For many years, property owners in Costa Rica rarely had to consider Capital Gains Tax when selling real estate. Historically, this tax applied only to developers engaged in the business of building and selling property, leaving individual owners exempt. However, recent changes to Costa Rican tax law significantly expanded the scope of Capital Gains Tax (Ganancias de Capital), and in this article, we review how these updates impact today’s real estate transactions.
How Much Is the Capital Gains Tax?
Under Law 9635, Costa Rica established a 15% Capital Gains Tax, applicable to all investment income and real estate. For properties acquired before July 1, 2019, sellers may opt for a one-time alternative tax of 2.25% applied to the full sales price, rather than calculating capital gain on profit.
In 2025, the Tax Authority updated the process through Resolution MH-DGT-RES-0039-2025, establishing new withholding obligations at closing:
- Residents: Buyers must withhold 2% of the sale price. This amount is a credit toward the seller’s final capital gains liability, to be settled when filing the appropriate tax form.
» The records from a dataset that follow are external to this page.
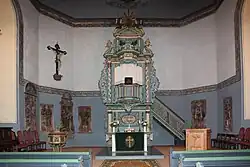 Der Innenraum hat eine dreigeschossige Empore und wird von einer Flachdecke überspannt, die mit einem Gemälde, die Verklärung Christi darstellend, geschmückt ist.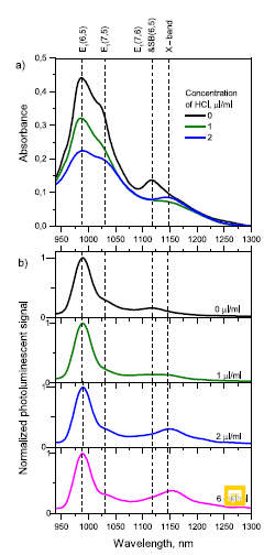 Спектры а) поглощения и б) фотолюминесценции нанотрубок в зависимости от концентрации соляной кислоты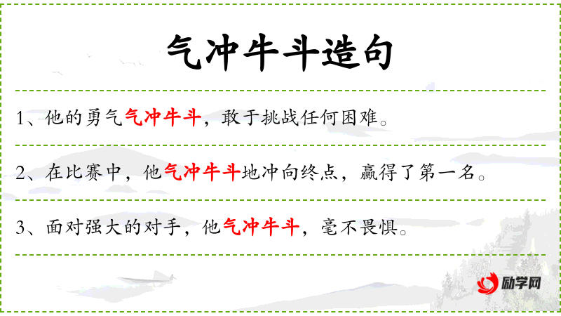 6. 【气冲牛斗】 气:气势;牛、斗:即牵牛星和北斗星,指天空。形容怒气冲天或气势很盛。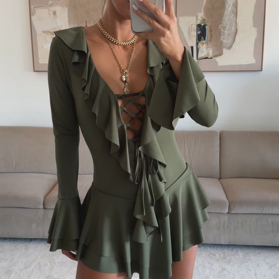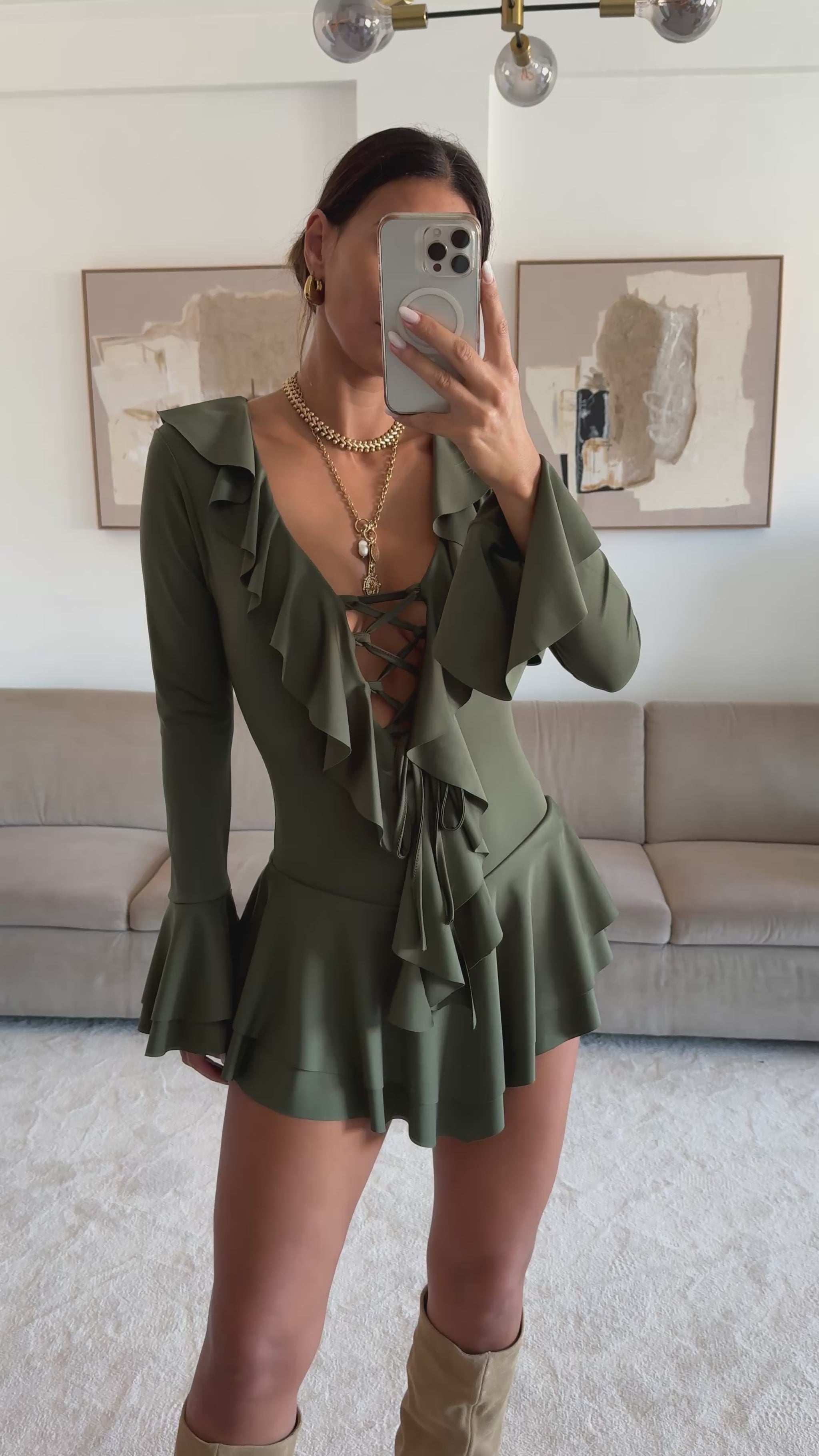 Combinaison façon robe avec détails extensibles et volants. Encolure entièrement ajustable. Peut être portée avec un soutien-gorge.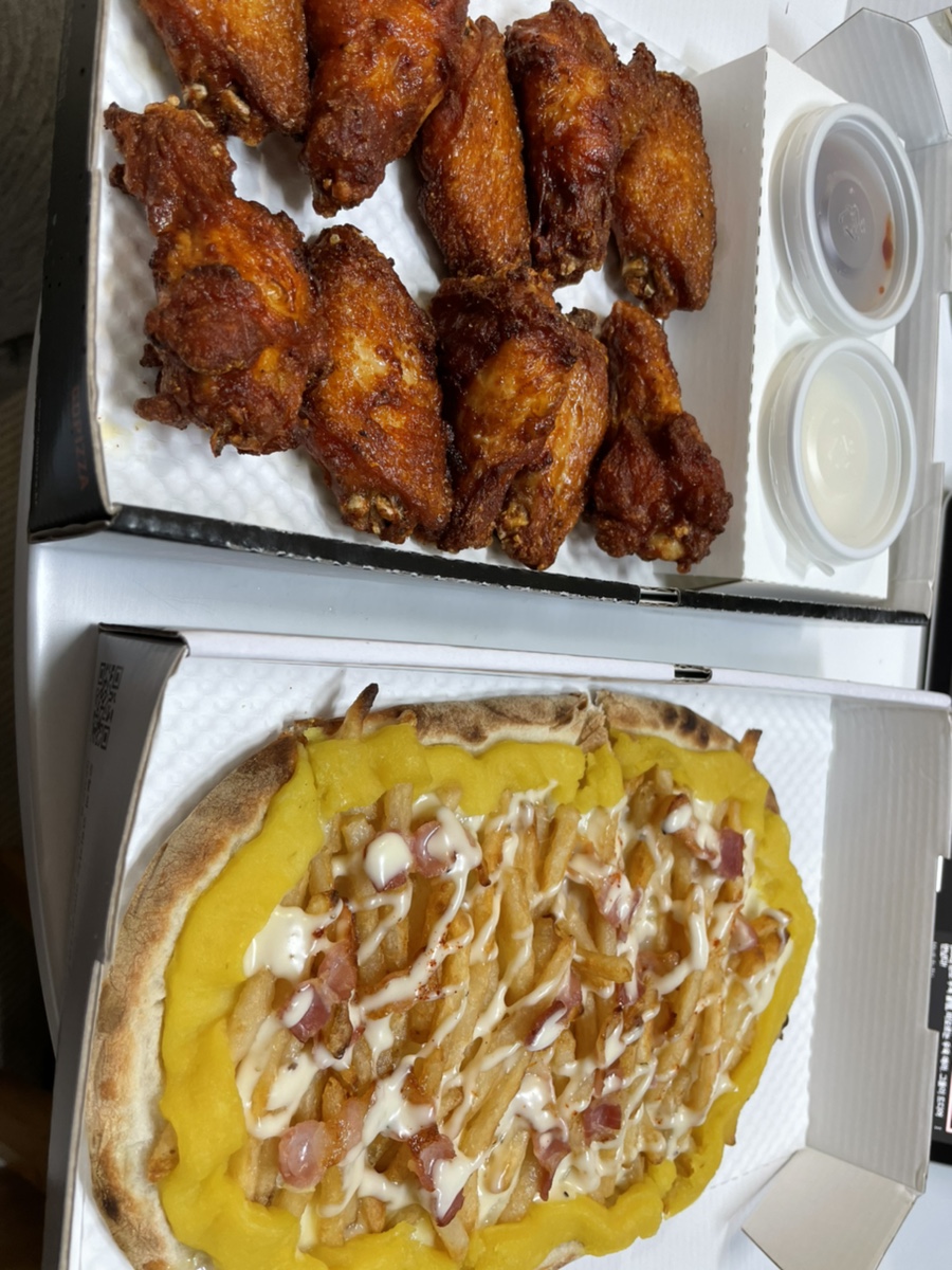 그리고 또 몸이 좋아지는 것 같아서.. 피자는 너무 먹고 싶고.. 그래서 이날 폭우가 쏟아지는 날이었는데 빗속에서 포장을 해와서 먹었다.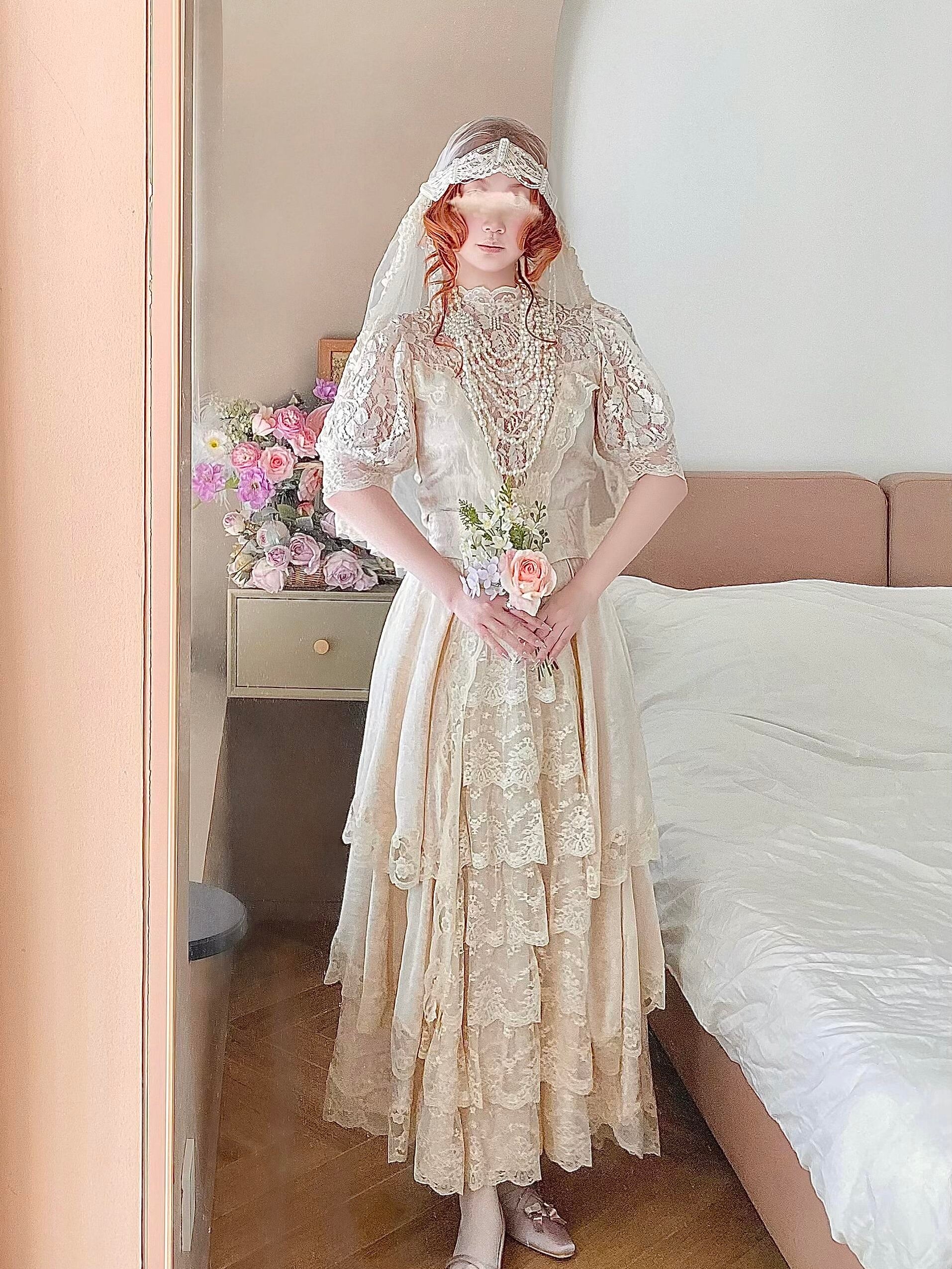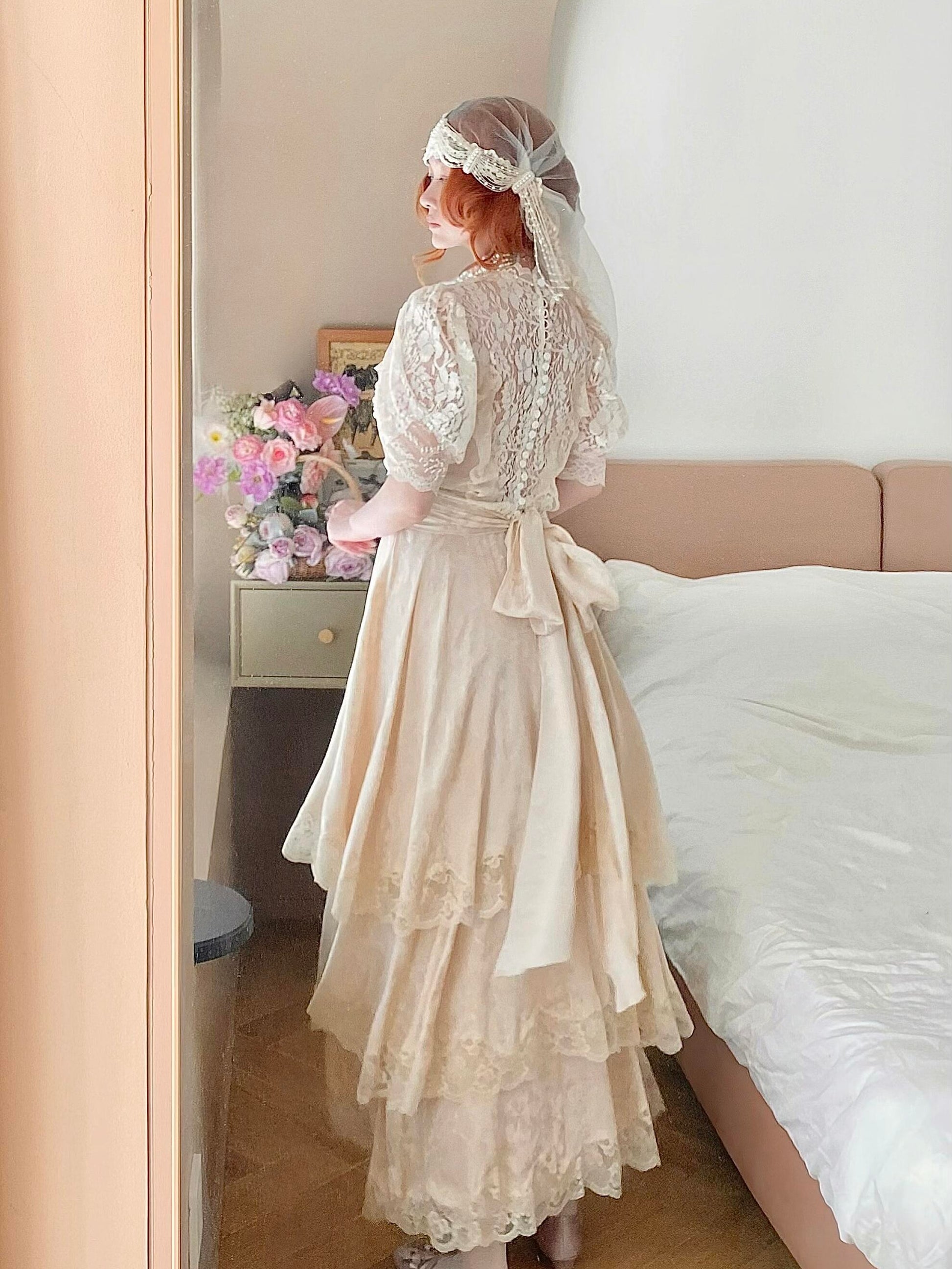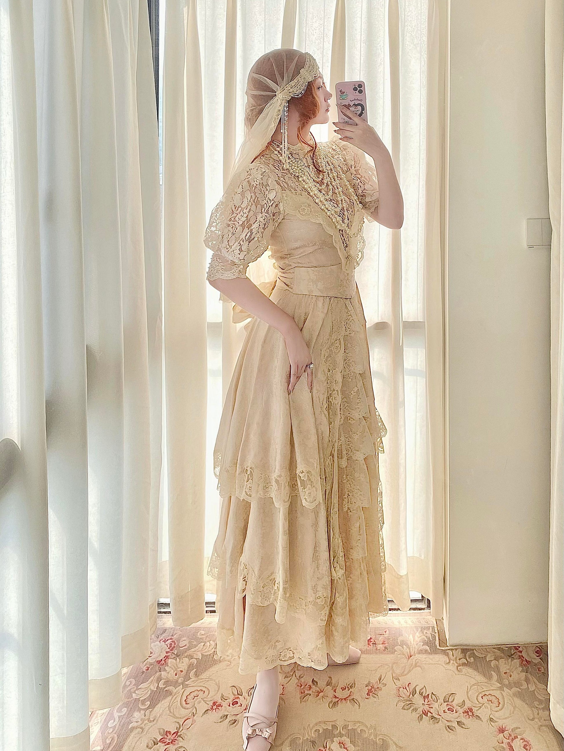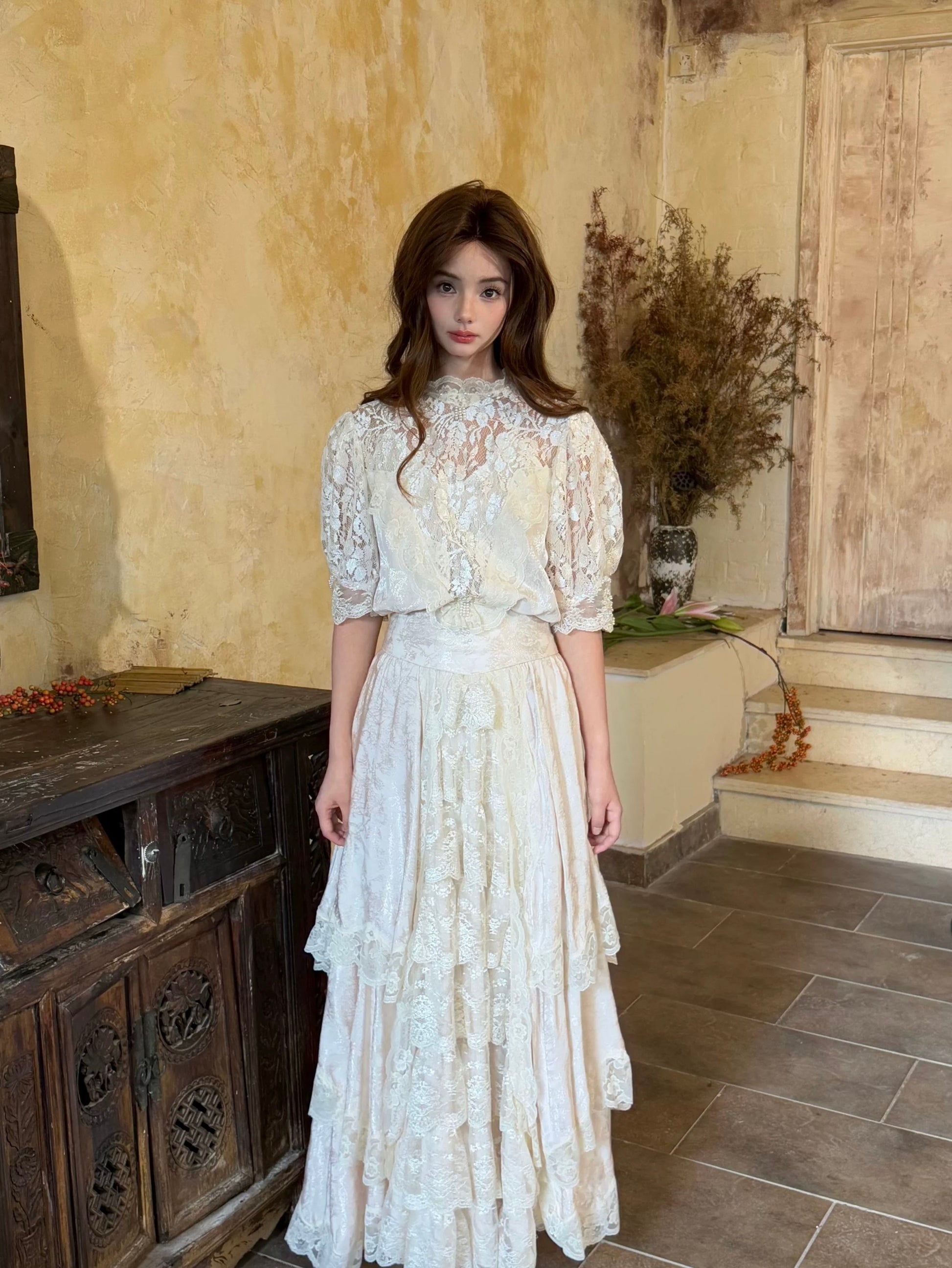 🌸 The hem is layered with multiple tiers of lace, giving it a graceful drape and a soft, comfortable flow. A matching belt is included to style the dress in different ways.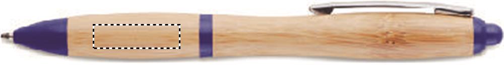 Vajutusnupp pastapliiats bambusest silindri ja ABS-kinnitusega. Sinine tint. Bambus on looduslik toode, ühe eseme värvis ja suuruses võib esineda väikesi erinevusi, mis võivad mõjutada lõppviimistlust.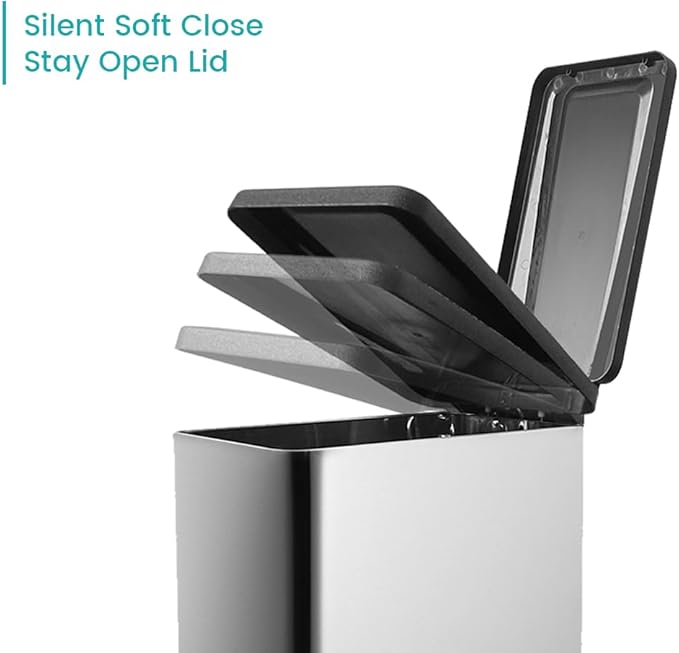- [Silent Close Lid] Our slim kitchen bin use a soft close component,the garbage bin does not close suddenly, but slowly and quietly.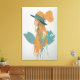 Esta cautivadora obra de arte cuenta con una misteriosa figura femenina adornada con un gorra naranja de gran tamaño, decorado con un arco y detalles de encaje intrincados. Las corrientes del gorra son fisuras que se parecen a cabellos o viñas en varios matices de naranja, entrelazadas con hojas y tallos verdes, creando una armoniosa mezcla de lo humano y lo natural. El fondo liso y claro acentúa los colores vivos y las formas orgánicas, haciendo de esta pieza una adición perfecta a cualquier colección de arte.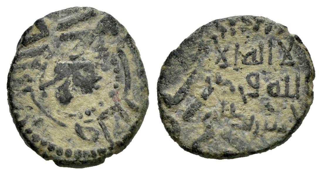 Periodo de los gobernadores. Felús. Al-Andalus. (Frochoso-XIVa). (Walker-Th12). Ae. 1,54 g. Tipo guerrero, cabeza masculina con casco a la derecha. Acuñado sobre otro Felús tipo Frochoso IIa. MBC. Est...50,00.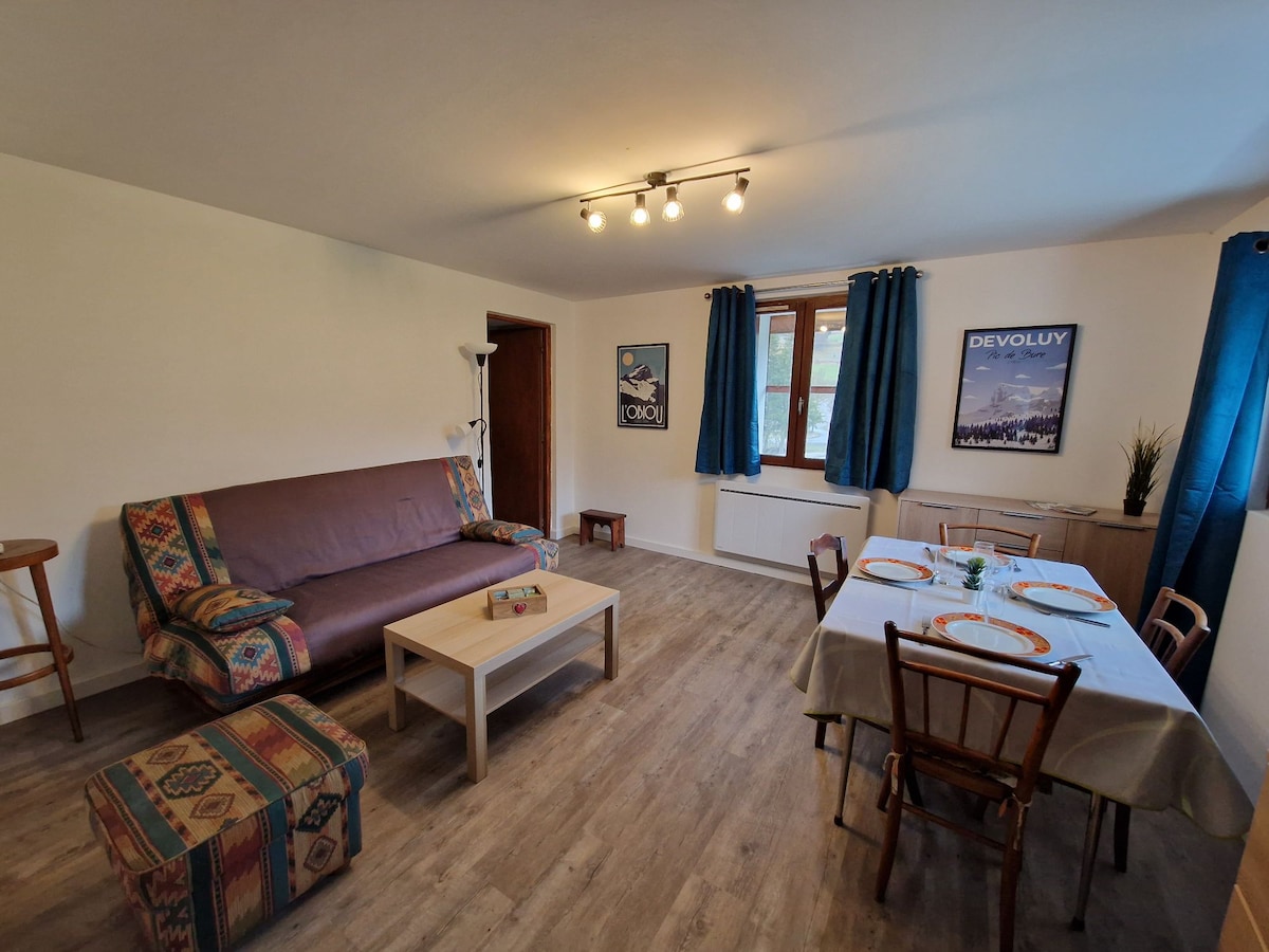 Casa rural de 45 m² con jardín, ideal para un descanso auténtico en la montaña. Fuera de la estación y magníficas vistas de las montañas circundantes: Pic de Bure, Obiou, … La casa tiene un gran jardín con la posibilidad de montar en trineo en invierno. Los que se acuesten tarde o se levanten temprano podrán observar la fauna nocturna que la atraviesa. A 7 minutos de Superdévoluy. A 15 minutos de La Joue du Loup. Paseos y caminatas de todos los niveles desde la casa. Centro de bienestar, centro deportivo y spa cerca.

- Non-residents: Buyers must withhold 2.5%, which serves as the final and definitive tax.
These payments must be submitted by the purchaser within the first 15 days of the month following closing.
Who Has to Pay Capital Gains Tax?
The sale of a primary residence remains exempt. The law defines a primary residence as the property used for the owner’s continuous shelter, protection, and home.
Capital Gains Tax applies to all other properties, including: Investment properties, Vacation rentals, Commercial real estate, Second homes
If the seller is a Costa Rican tax resident, the standard rules apply. However, when the seller is not domiciled in Costa Rica, additional withholding rules come into play.
Who Is a Non-Domiciled Property Owner?
According to Article 5 of the Income Tax Regulations, a non-domiciled person is someone who is a foreign individual who spends fewer than 183 days per year in Costa Rica, or is a foreign company not registered in Costa Rica.
Costa Rican corporations (SA or SRL) registered at the National Registry are considered domiciled as long as their legal or fiscal domicile is located in Costa Rica.
When a seller is non-domiciled, the law requires the BUYER to withhold 2.5% of the sales price to ensure tax compliance. This withholding is mandatory and must be paid before the property transfer can be registered.
Important 2025 Updates: TRIBU-CR and Registry Coordination
In October 2025, Costa Rica launched TRIBU-CR, a new digital platform replacing the previous ATV system. All tax filings, including capital gains declarations and withholding payments, must now be processed through TRIBU-CR using updated forms.
A National Registry circular issued the same month noted that the Registry currently cannot verify certain tax payments due to system limitations. However, the withholding obligation remains fully in effect, and transactions must comply with the tax rules regardless of Registry verification.